Girls (Photo credit: HBO/Facebook)

When I was in my early twenties, my boyfriend’s tongue was pierced. He had tattoos on his forearm that were so hideously ugly that I thought they were the sexiest things ever. My best friend’s boyfriend wore overalls. Like, out, at a club. When we all broke up, we did humiliating, dramatic, stalkerish things, and cried and listened to Sarah Mclachlan and wrote in journals and opined endlessly. We were self-absorbed, shrill, and undoubtedly annoying to anybody who came into contact with us, as we were to each other.

These are some of my best memories. These are the times we drink to, when we put the kids to bed and leave our husbands for the night to get together to drink Pinot Noir.

And this is what I watch Girls for.

Since the show’s inception, viewers and reviewers have tried to place HBO’s Girls in the same category as Sex and the City: four chicks in their twenties trying to “make it” in New York, whatever that means. But anyone who’s followed Girls through it’s three seasons so far knows that not only is Girls nothing like Sex and the City, it’s nothing like anything we’ve seen on television.

In this, the golden age of television cinema—from Breaking Bad to Downton Abbey and True Detective—we have so many high caliber shows fighting for our viewing time.

Girls wins mine.

What separates Girls from other cable sitcoms is the truth it’s based on. This is almost the natural sequel to My So Called Life, but with self-awareness and the bravery to explore the ugly self-absorption of the life of a twenty-something.
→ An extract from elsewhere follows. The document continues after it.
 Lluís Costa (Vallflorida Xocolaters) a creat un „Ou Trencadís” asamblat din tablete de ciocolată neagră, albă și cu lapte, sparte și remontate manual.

To my experience, in my thirties, my own life became less about me. It was about my kids, breast or bottle, work/life balance, and trying to remember to be a wife to my husband. I didn’t have time to indulge in the inward searches that dominated my twenties, to wonder who I was or who I was going to be. I went through style changes in my twenties, from wearing hats and bowling shoes and sundresses and butterfly clips in my hair. I don’t now. Maybe it’s because I know who I am, but more likely it’s because I don’t have the time to consider it all.

Lena Dunham captures that for me. She commits. She’s caught a lot of flak from critics (almost exclusively male critics) for her excessive nudity. It’s brought attention to her weight, to her tattoos, to what our expectations of on-screen nudity should be and what it’s for. There are some who cannot comprehend the fact that her naked body isn’t there to titillate them.
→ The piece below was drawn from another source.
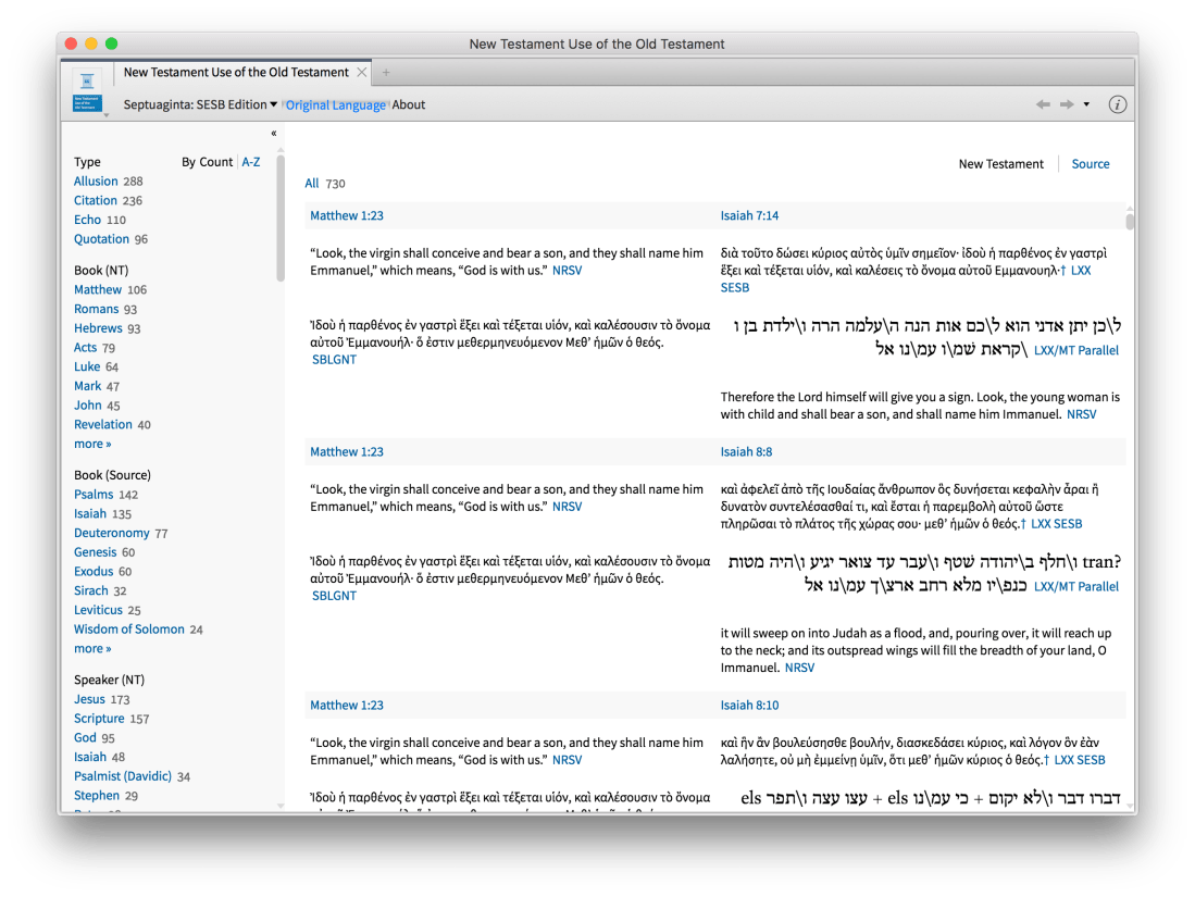 If software programs had Pulitzers, the NT Use of the OT should win one for best feature. Here’s what it looks like, including the sidebar, which allows you to focus your study using a ton of criteria. You could easily find, for example, all the times Matthew cites or alludes to an OT passage with Jesus in mind.

It’s there as an extension of her honesty.

She shows the shallowness of that age, the fact that friends use and betray and disappoint each other, and that they can be vastly unhappy. She shows the awkwardness of relationships; she focuses the camera on the most uncomfortable sex scenes, without making them campy or ironic or funny. She isn’t afraid to show ugliness or characters that manipulate or lie.

And through that lens we see the truth of not only Dunham’s vision or experience, but the very humanness of those characters, and through them, our own. Sometimes that reflection isn’t pretty. And that feeling causes some of us to reject it, to criticize it, to focus on Lena Dunham’s naked body. I’d argue that the whole show is Dunham’s naked self: without make-up, without airs, but with stark and sometimes brutal honesty. It’s like nothing else done before on television.

If I could speak to the characters, I’d tell them that life will happen whether they agonize over it or not, that when they get too busy to wonder who they are, that’s exactly the time they’ll know. Relationships will fail, parents will die, and friendships will endure, long past the time you get over your tongue-pierced boyfriend and his overalls-wearing friend.

And if I could speak to Lena Dunham, I’d say thank you.